Des hommes armés ont tué au moins 32 personnes et enlevé plusieurs autres dans le nord du Nigeria samedi, selon des témoins et la police locale, marquant le dernier incident de la crise sécuritaire en cours dans le pays. Les attaques, qui ont eu lieu dans la région de Borgu, dans l'État de Niger, ont impliqué des hommes armés à moto et ont attiré une nouvelle attention sur les défis auxquels le Nigeria est confronté pour contenir divers groupes armés, y compris ceux affiliés à l'EIIL (ISIS) et les gangs impliqués dans les enlèvements contre rançon, selon Al Jazeera.
Les raids au Nigeria ont eu lieu dans un contexte de situation sécuritaire complexe dans la région. Les attaques mettent en évidence les menaces persistantes auxquelles sont confrontées les communautés du nord du Nigeria, où la violence est un problème récurrent.

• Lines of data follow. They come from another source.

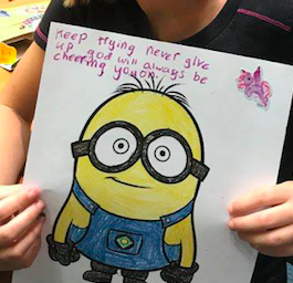 She wanted to show me her minion picture. “What a great job you’ve done coloring!” I said, trying to be as positive as seemed reasonable. But as the words left my mouth, I read the encouraging note she had written to the CDS children at the top of her paper, over the minion’s head.
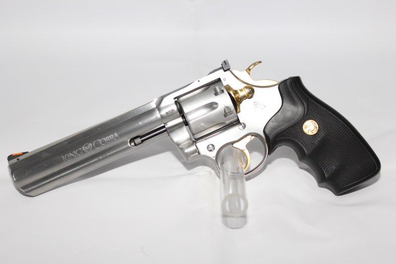 Hingucker! Revolver Colt Mod. King Cobra in 6inch im Kal. .357 Magnum. Ausführung Stainless mit goldfarbenen Bedienelementen. Timing sehr gut. Allgemeiner Zustand noch sehr gut mit leichten Gebrauchsspuren (oberflächlich im Stainless Finish). Seltenes Stück! Beschuß "KB" (1991) . Gebrauchtware (Differenzbesteuert) - Gewährleistung auf ein Jahr verkürzt gem. Paragraph 476 Abs.2 BGB. AGBs sind Bestandteil des Kaufvertrags. Versand (ausschließlich per Spedition eigenhändig - auch an andere Händler - für 40.- EUR Versandkostenanteil) zahlt Käufer, Abholung möglich. International bidders are welcom if they have a german dealer partner who will take the gun for export.
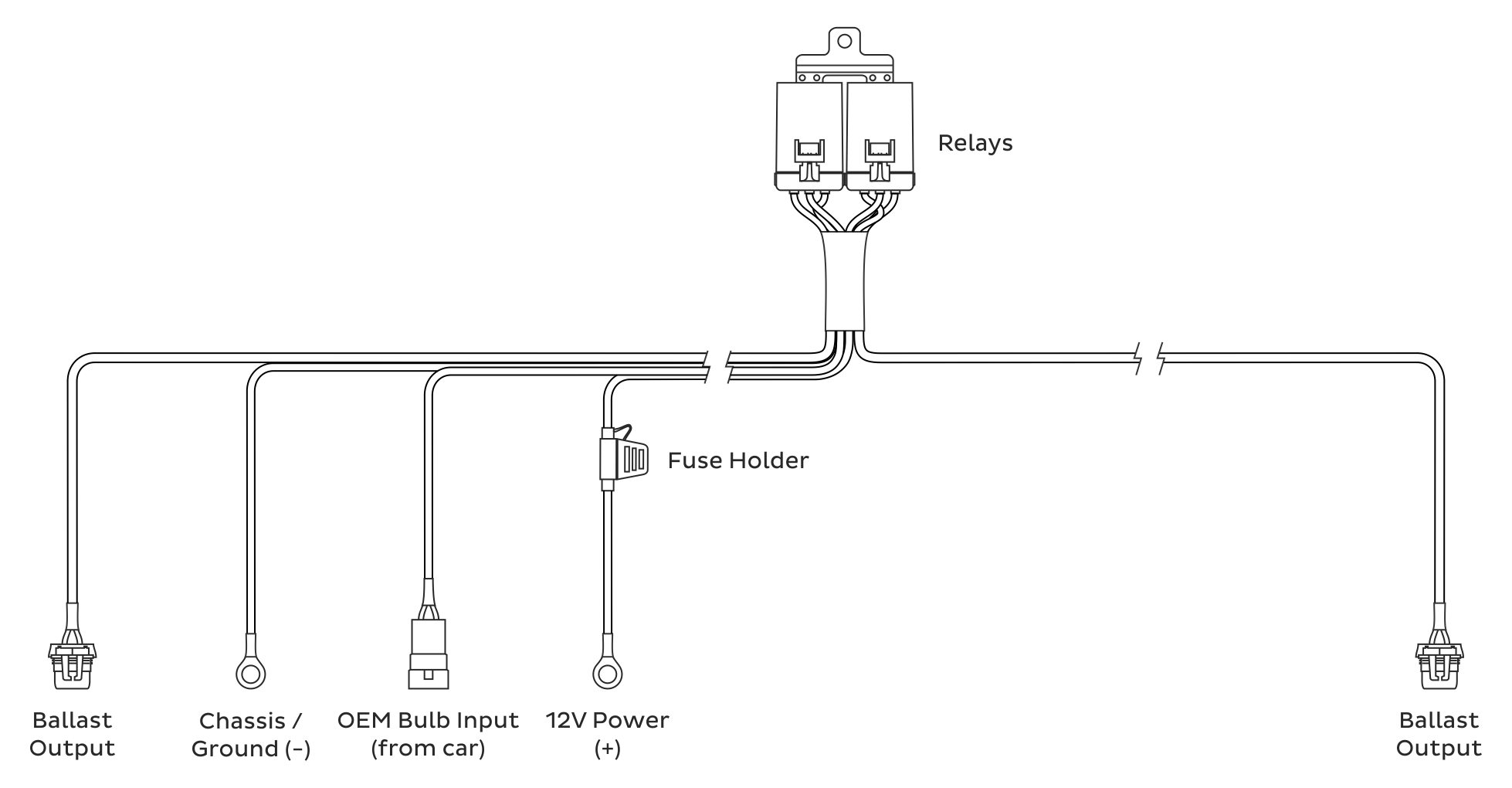 Reality Check: Customers often ask, Do I really need a harness? Yes! A relay harness is designed to deliver steady voltage to your HID ballasts directly from the car battery. Nobody likes a flickering headlight, so why risk it? Factory headlight outputs are really only designed to power a halogen light bulb, not an HID ballast. Don't Skimp: As one of the most important parts in any HID lighting upgrade; don't skimp out when it comes to your wiring. It doesn't matter how good your ballasts are. how good your bulbs are. If your harness is a piece of crap: when it gives out your headlights are gonezo. The Morimoto HD Relay harness is easily worth the premium price compared to cheaper alternatives. Plug n Play: The layout of the harness makes it easy to install. With just a few simple connections, even your mom could set this thing up! Wire lengths are long enough to be used in everything from compact cars to SUVs and it's designed to be 100% plug and play (no cutting or splicing needed). Compatible: The HD relay can be used for low beams, high beams, or fog lights on most vehicles. The harness uses industry-standard outputs for compatibility with 99% of ballasts out there, and all of the ones we offer here at our shop. Note, if your vehicle has a can-bus system or a finicky pulsed headlight circuit - check out the Standalone Canbus or Mopar Spec harnesses from Morimoto Fail-Safe: Unlike most generic harnesses out there that rely on a single low-quality relay to power both headlights, the Morimoto Harness utilizes one relay per side- so if one did happen fail, you wouldn't be left completely in the dark. Each 40A relay is completely sealed against the elements using ribbed silicone upper and lower seals, and has an flywheel diode for back-EMF protection. Every other connection harness-wide is sealed with the proper silicone grommets. Live somewhere with weather that regularly sucks? No problem. OEM Grade: Aside from being ahead of the game from a technical standpoint, the HD relay is also a work of art. With it's wiring protected by abrasion-resistant Techflex mesh sleeving and OEM-style relay cubes held together by a mounting bracket cut from polished stainless - the HD relay will look factory fresh under the hood!

Dans d'autres développements internationaux, l'armée américaine a lancé des frappes de représailles contre des cibles de l'EIIL en Syrie entre le 3 et le 12 février, touchant plus de 30 cibles, y compris des infrastructures et des installations de stockage d'armes, selon une déclaration du Commandement central américain (CENTCOM) rapportée par Al Jazeera. Les frappes ont été menées en réponse à la mort de deux soldats américains et d'un interprète l'année dernière.
Parallèlement, la guerre russo-ukrainienne continue, les forces russes ayant lancé une attaque de drones sur la ville ukrainienne d'Odessa dans la nuit de samedi, entraînant la mort d'une femme âgée et des dommages aux bâtiments résidentiels, selon le Service d'urgence de l'État ukrainien via Al Jazeera.
Dans d'autres nouvelles, le Royaume-Uni et ses alliés ont révélé que le chef de l'opposition russe, Alexeï Navalny, avait été tué à l'aide d'un poison développé à partir d'une toxine de grenouille, selon Sky News. La neurotoxine, qui est classée comme une arme chimique, est 200 fois plus puissante que la morphine. Le ministre allemand des Affaires étrangères a déclaré que "les victimes suffoquent dans l'agonie".
De plus, une survivante du réseau de trafic de Jeffrey Epstein a partagé son expérience, déclarant que ses recruteurs "riaient" alors qu'elle était agressée sexuellement, selon Sky News. Elle a décrit son emprisonnement comme étant plus que physique, le comparant à être "menottée de manière invisible".